Intervista a Matteo Orfini, La Stampa, 01 luglio 2013
“Porre ora la questione del segretario che deve essere anche candidato premier mi pare privo di senso. Su facebook è nata la mozione “poi vediamo”. Ecco, poi vediamo. Manca qualche mese al congresso, le elezioni addirittura sono lontane, e noi eleggeremo intanto un segretario. Poi se si scoprisse che è Maradona, nessuno ci impedisce che sia anche candidato leader”. Matteo Orfini è beffardo col suo omonimo Matte, Renzi. Orfini è il più intelligente dei quarantenni cresciuti con D’Alema. Se ne è distaccato, deo gratias, è stato tra i pochi a criticare Bersani e il suo gruppo dirigente, se non altro per la scarsa attitudine all’autocritica. E’ uno che ha digerito a fatica le larghe intese, perché conosce bene la base; però le ha digerite.
Quindi anche stavolta non la pensa come Renzi?
“Io lo capisco, non si fida, dobbiamo ricostruire un rapporto di fiducia nel partito; ma chiunque sarà il candidato premier, se il Pd sarà malmesso non avrà nessuna possibilità di essere eletto.

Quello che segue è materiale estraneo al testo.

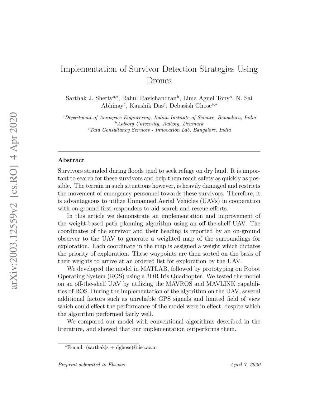 Implementation of Survivor Detection Strategies Using Drones

Per questo abbiamo bisogno di qualcuno che lavori sul Pd”.
Renzi non sarebbe un valore in più vincente di per sè?
“Ma chiunque sia candidato vince solo con un Pd forte. Sicuramente Renzi è uno dei leader più forti, ma probabilmente non è l’unico, ci sono altre personalità che stanno crescendo. E non c’è nessuna Madonna pellegrina”.
Però cosa significa un Pd forte? Un Pd che magari, intanto, riconosce i suoi errori, il distacco dai suoi elettori?
“Io lo dissi a Bersani già prima delle elezioni, ricordo un convegno al Crs. Non avevamo una parte, ci mancava stare in una parte, che io penso debba essere la parte più debole del Paese, i giovani, i ceti popolari. Aver eluso la dimensione della sconfitta è una delle responsabilità più gravi del gruppo dirigente di cui ho fatto parte”.
I sondaggi dicono no, al momento, ma stare in questo governo vi costerà caro, non crede?
“Certo se va avanti così noi pagheremo un prezzo molto alto. Il Pd dovrebbe far pesare di più la sua forza, nel governo. Finora non è successo. Se stiamo lì per votare la Santanchè vicepresidente della Camera – cosa che io mi rifiuto di fare, anche se credo non succederà – allora perdiamo, Renzi o non Renzi”.
Siete ancora placidi alleati con un interdetto in primo grado. Lei è contro l’ineleggibilità vero?
“La legge del ’57, non io, lo è”.
E se invece a settembre la Cassazione confermerà l’interdizione nel processo sui diritti Mediaset?
“In quel caso è certo che Berlusconi decade, e noi voteremo la decadenza”.
Non crede che uno dei problemi del Pd sia superare un dibattito solo geografico, candidato-di-destra-o-di-sinistra, e lavorare a un ragionevole, laico interclassismo?
“Fino a un certo punto. Dipenda da cosa si intende per interclassismo. La fine della lotta di classe sì. Ma il fenomeno del nostro tempo è un grande problema di disuguaglianze, è quello il punto di una sinistra vera. Mi pare tra l’altro che Renzi, col documento Gutgeld, va anche lui a sinistra e abbandoni Zingales e Ichino. Ma se è a sinistra, perché si candida? Voti Cuperlo”.
Ecco, Cuperlo. Uno in grado di citare Rilke; già un merito, peraltro. Ma al Pd non serve anche ritrovare un linguaggio per quell’Italia che vi ha mollato?
“Lo puoi fare con la via più facile, con un’icona pop. E funziona, può andar bene. Oppure, e è la vita che amo di più, riportando il tuo popolo a un’idea di comunità, di partito. Per questo il nome perfetto è Cuperlo”.